Only the "lower town" was excavated by archaeologists as much of Dorestad was eroded away by the river bend. When the harbour was excavated the remains of wooden causeways which would have allowed for easy unloading of goods were discovered. These findings correlate to the development of trade on the Rhine. It is believed that wine from the vineyards South of Mainz was one of the most prominent products traded in Dorestad. Old wine barrels have been excavated in Dorestad. It is also thought that glassware and lava querns for grinding corn were also transported to Dorestad for trading.

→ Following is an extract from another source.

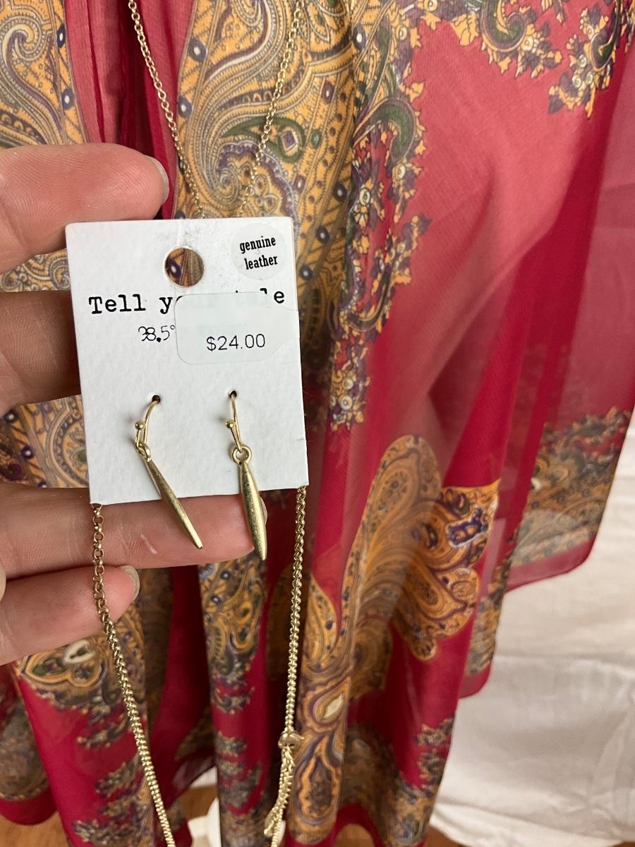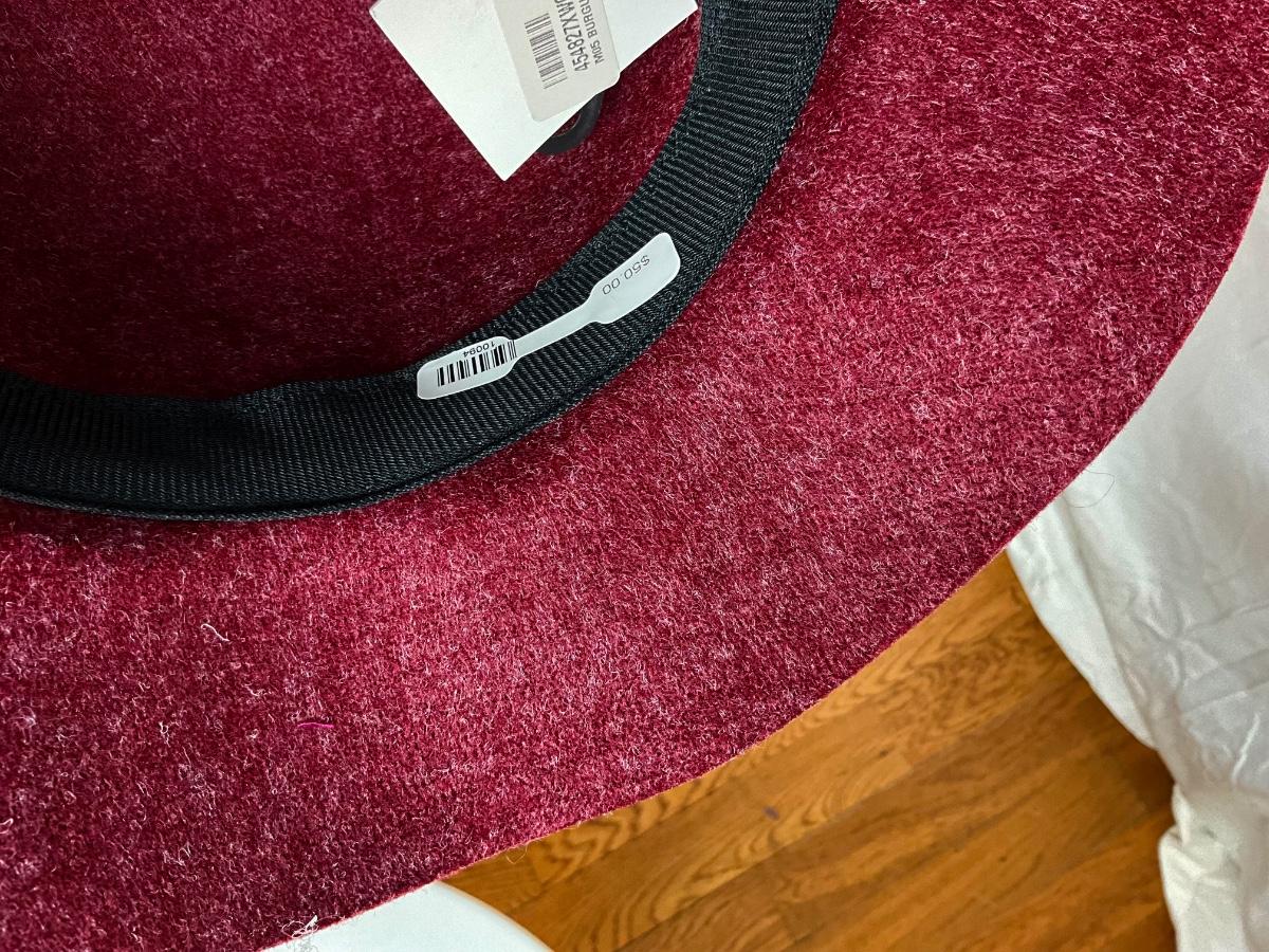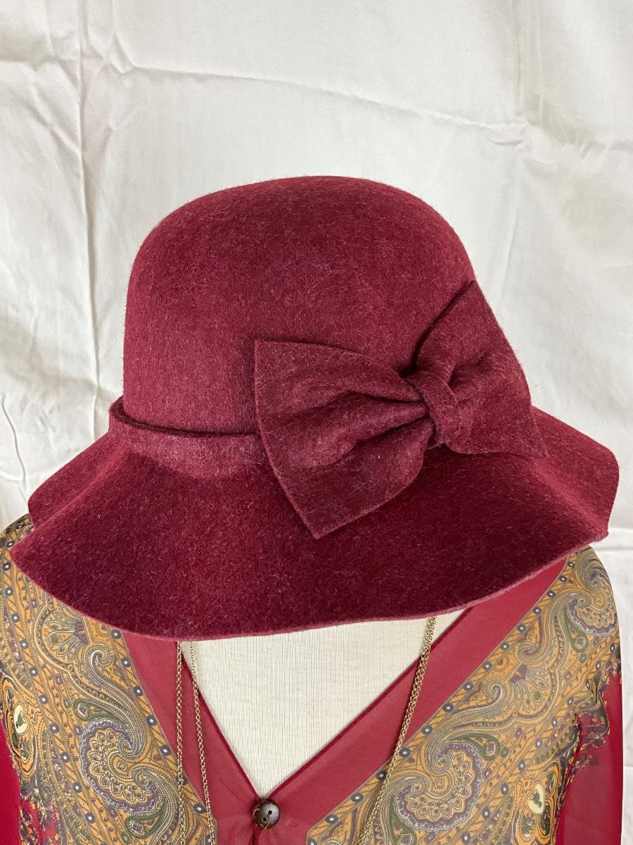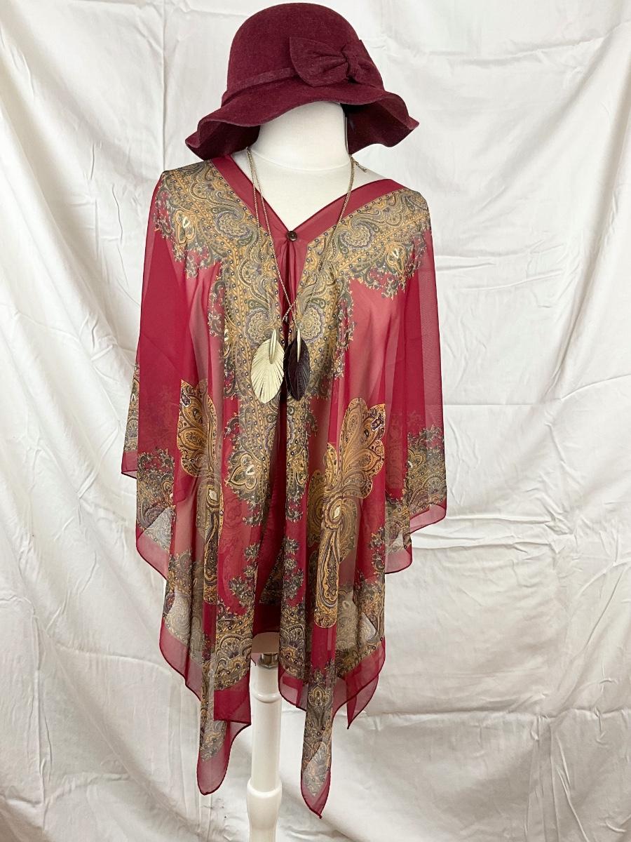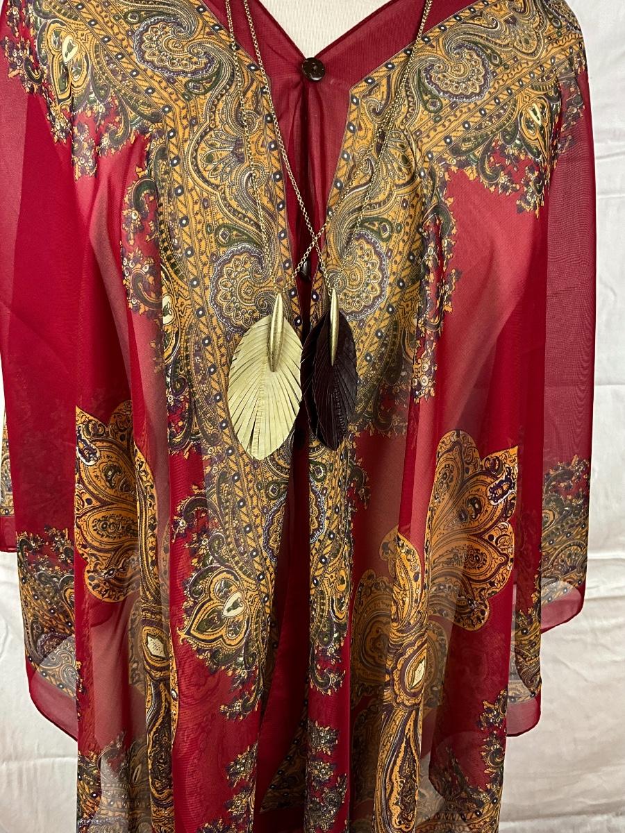 Lot contains red paisley sheer bathing suit cover up ($40) felt burgundy ruffled edge bucket hat ($50) 2 feather necklaces ($20 each) and earrings.

The existence of these imports allowed Dorestad's economy to grow substantially.

While the "upper town" was never excavated, the soil of the site has been examined and tested positive for phosphates that confirm its existence. Some Carolingian artefacts have been found over the years in the trading centre; however, the majority of items discovered date back to the Roman fortress that was established prior to the 7th Century. This may be because the residents of Dorestad used the tufa blocks from the Roman fortress as building material. It is thought that the royal administrators were situated in the Upper Town.

The Christian church was granted a piece of land in both the Upper and Lower Town. Next to the agricultural sector remains of a building were found as well as many graves. It is assumed that this area comprised the Lower church.

The conception of the Upper and Lower township is supported not only by archaeological evidence, but a poem was discovered by the English clergyman Alcuin, written at the end of the 8th century, referring to the town as Dorstada which is a pluralization of the name.

Hinc tua vela leva, fugiens Dorstada relinque:
Non tibi forte niger Hrotberct parat hospita tecta,
Nec amat ecce tuum carmen mercator avarus.

Hoist your sails, flee and leave behind the (towns of) Dorestad:
You do not have the fortune of a hospitable roof offered by Black Hrotberct,
Nor does the greedy merchant love your poem.